### [Listed entries]

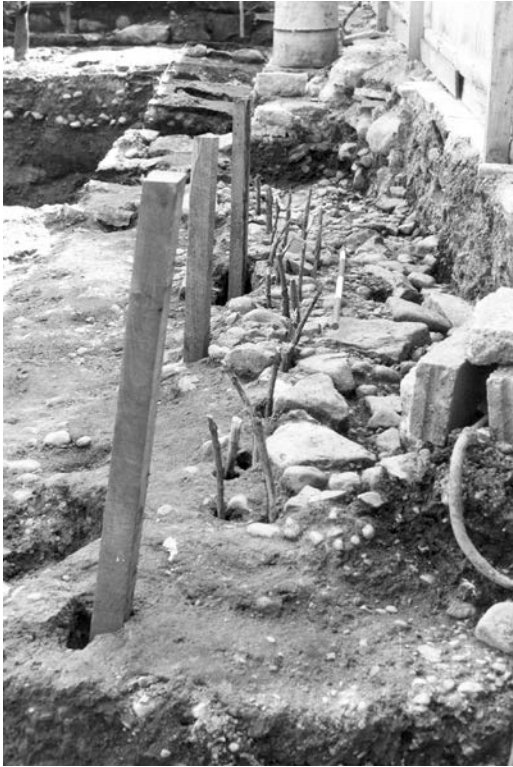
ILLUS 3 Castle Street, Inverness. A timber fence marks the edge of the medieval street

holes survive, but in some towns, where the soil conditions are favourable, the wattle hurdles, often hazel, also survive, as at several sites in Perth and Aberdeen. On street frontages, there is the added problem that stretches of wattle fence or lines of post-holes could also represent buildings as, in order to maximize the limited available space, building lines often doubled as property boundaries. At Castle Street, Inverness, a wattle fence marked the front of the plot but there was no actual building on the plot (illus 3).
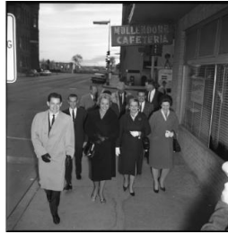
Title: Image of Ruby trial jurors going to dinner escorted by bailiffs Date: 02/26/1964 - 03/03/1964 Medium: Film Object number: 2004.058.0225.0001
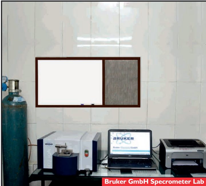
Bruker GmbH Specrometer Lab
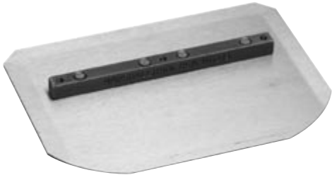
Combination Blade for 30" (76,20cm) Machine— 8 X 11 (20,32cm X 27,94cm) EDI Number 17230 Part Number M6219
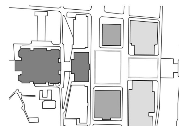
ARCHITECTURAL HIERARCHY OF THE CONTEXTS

...

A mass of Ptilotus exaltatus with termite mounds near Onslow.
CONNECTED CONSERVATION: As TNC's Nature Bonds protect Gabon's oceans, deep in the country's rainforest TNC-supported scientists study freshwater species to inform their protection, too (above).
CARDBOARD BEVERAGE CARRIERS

* * *

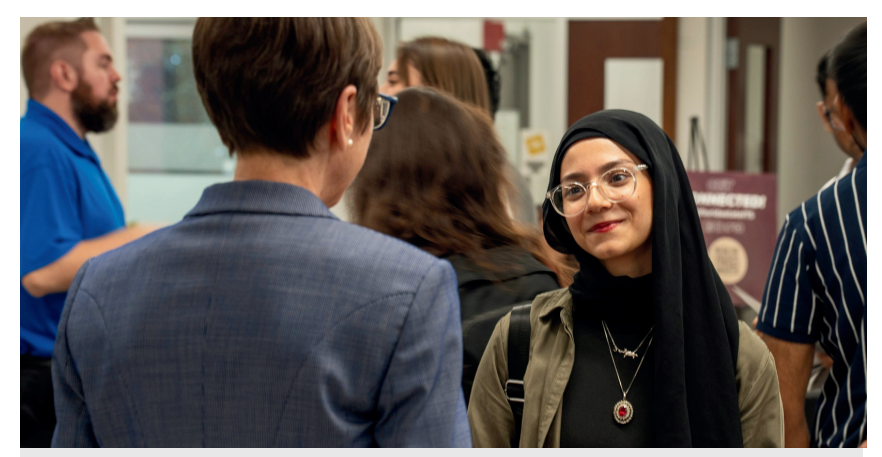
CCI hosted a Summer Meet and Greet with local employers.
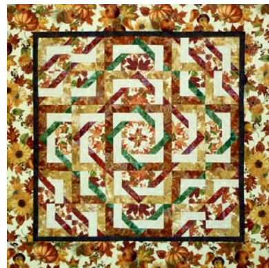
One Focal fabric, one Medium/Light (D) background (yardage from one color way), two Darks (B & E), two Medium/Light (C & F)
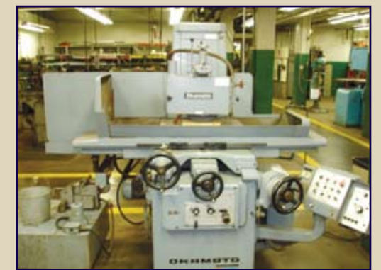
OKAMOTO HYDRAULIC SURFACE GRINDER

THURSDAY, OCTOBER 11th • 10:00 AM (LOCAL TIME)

### [Directions for this task]
Could you report every line of the material that contains the string "Inverness"?

### [Exercise response]
ILLUS 3 Castle Street, Inverness. A timber fence marks the edge of the medieval street
holes survive, but in some towns, where the soil conditions are favourable, the wattle hurdles, often hazel, also survive, as at several sites in Perth and Aberdeen. On street frontages, there is the added problem that stretches of wattle fence or lines of post-holes could also represent buildings as, in order to maximize the limited available space, building lines often doubled as property boundaries. At Castle Street, Inverness, a wattle fence marked the front of the plot but there was no actual building on the plot (illus 3).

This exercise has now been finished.